The goal here is an exact copy of the entries below, without their pictures.

+ + + + + + +

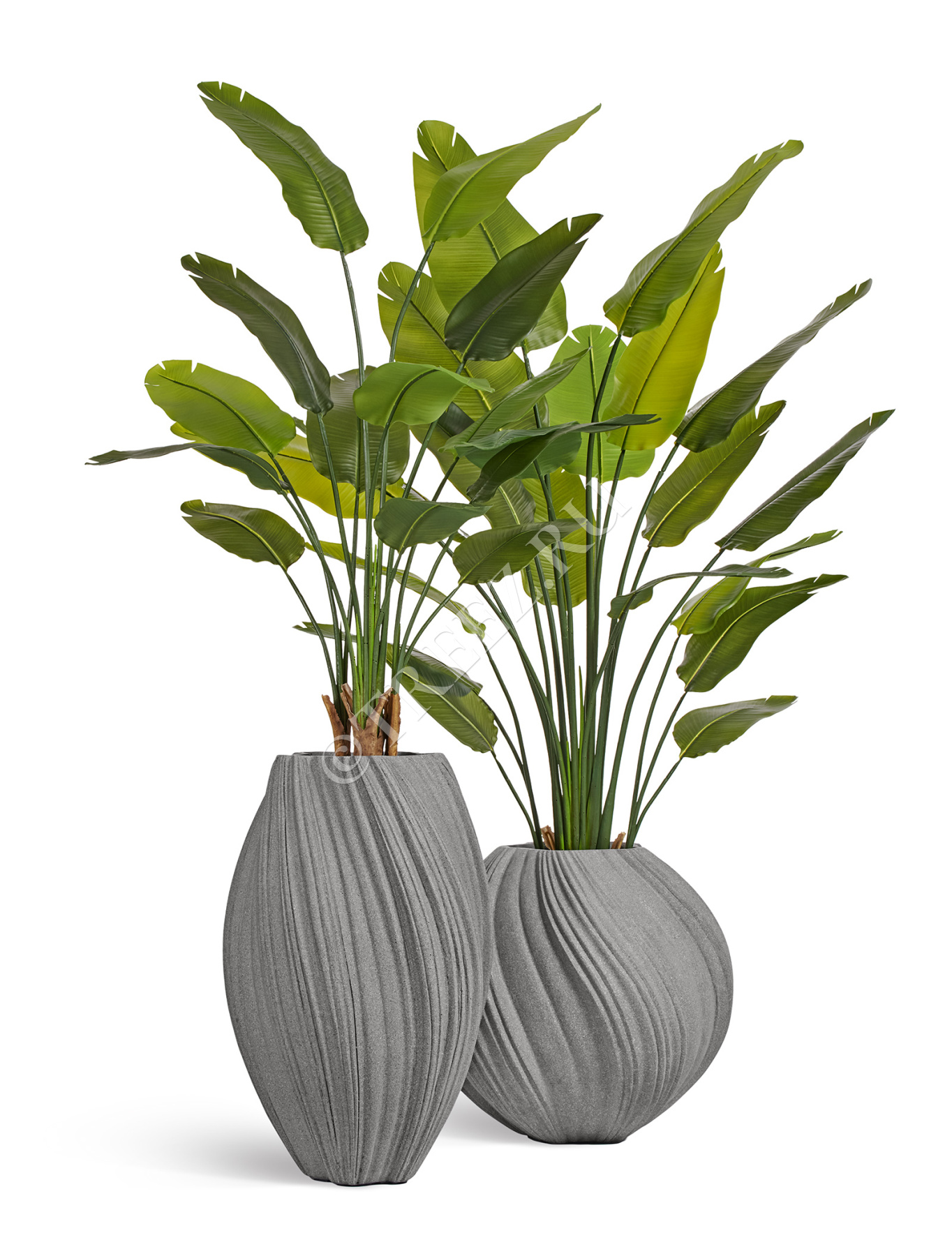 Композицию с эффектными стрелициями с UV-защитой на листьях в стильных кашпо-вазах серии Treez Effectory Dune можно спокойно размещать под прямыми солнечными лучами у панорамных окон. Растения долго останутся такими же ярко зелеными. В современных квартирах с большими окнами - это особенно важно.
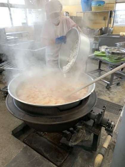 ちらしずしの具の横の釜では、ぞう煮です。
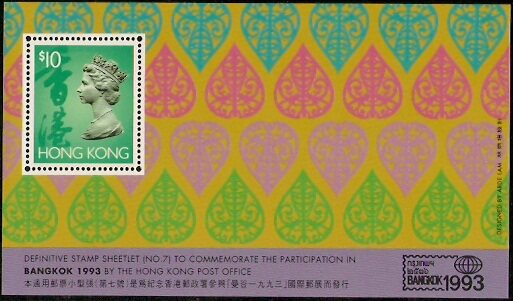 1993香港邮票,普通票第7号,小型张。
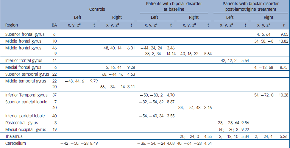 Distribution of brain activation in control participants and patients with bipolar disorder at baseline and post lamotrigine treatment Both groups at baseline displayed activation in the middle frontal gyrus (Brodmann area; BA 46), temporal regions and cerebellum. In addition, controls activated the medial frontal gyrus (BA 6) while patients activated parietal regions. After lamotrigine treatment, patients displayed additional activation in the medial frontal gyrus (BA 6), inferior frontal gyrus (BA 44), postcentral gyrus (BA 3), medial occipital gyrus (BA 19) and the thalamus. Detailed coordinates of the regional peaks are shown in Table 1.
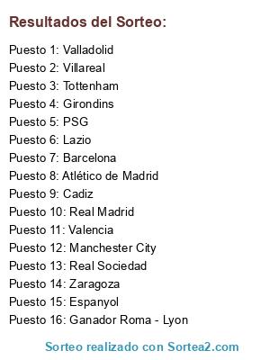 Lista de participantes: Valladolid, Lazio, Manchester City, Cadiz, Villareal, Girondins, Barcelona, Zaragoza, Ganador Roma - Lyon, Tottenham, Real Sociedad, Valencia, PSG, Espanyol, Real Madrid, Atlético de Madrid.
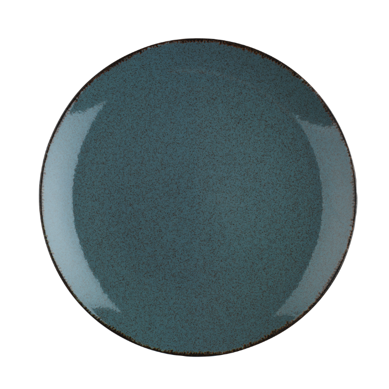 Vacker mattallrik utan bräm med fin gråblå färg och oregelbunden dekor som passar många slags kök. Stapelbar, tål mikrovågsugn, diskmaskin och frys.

+ + + + + + +

:: Result for this task ::
 Композицию с эффектными стрелициями с UV-защитой на листьях в стильных кашпо-вазах серии Treez Effectory Dune можно спокойно размещать под прямыми солнечными лучами у панорамных окон. Растения долго останутся такими же ярко зелеными. В современных квартирах с большими окнами - это особенно важно.
 ちらしずしの具の横の釜では、ぞう煮です。
 1993香港邮票,普通票第7号,小型张。
 Distribution of brain activation in control participants and patients with bipolar disorder at baseline and post lamotrigine treatment Both groups at baseline displayed activation in the middle frontal gyrus (Brodmann area; BA 46), temporal regions and cerebellum. In addition, controls activated the medial frontal gyrus (BA 6) while patients activated parietal regions. After lamotrigine treatment, patients displayed additional activation in the medial frontal gyrus (BA 6), inferior frontal gyrus (BA 44), postcentral gyrus (BA 3), medial occipital gyrus (BA 19) and the thalamus. Detailed coordinates of the regional peaks are shown in Table 1.
 Lista de participantes: Valladolid, Lazio, Manchester City, Cadiz, Villareal, Girondins, Barcelona, Zaragoza, Ganador Roma - Lyon, Tottenham, Real Sociedad, Valencia, PSG, Espanyol, Real Madrid, Atlético de Madrid.
 Vacker mattallrik utan bräm med fin gråblå färg och oregelbunden dekor som passar många slags kök. Stapelbar, tål mikrovågsugn, diskmaskin och frys.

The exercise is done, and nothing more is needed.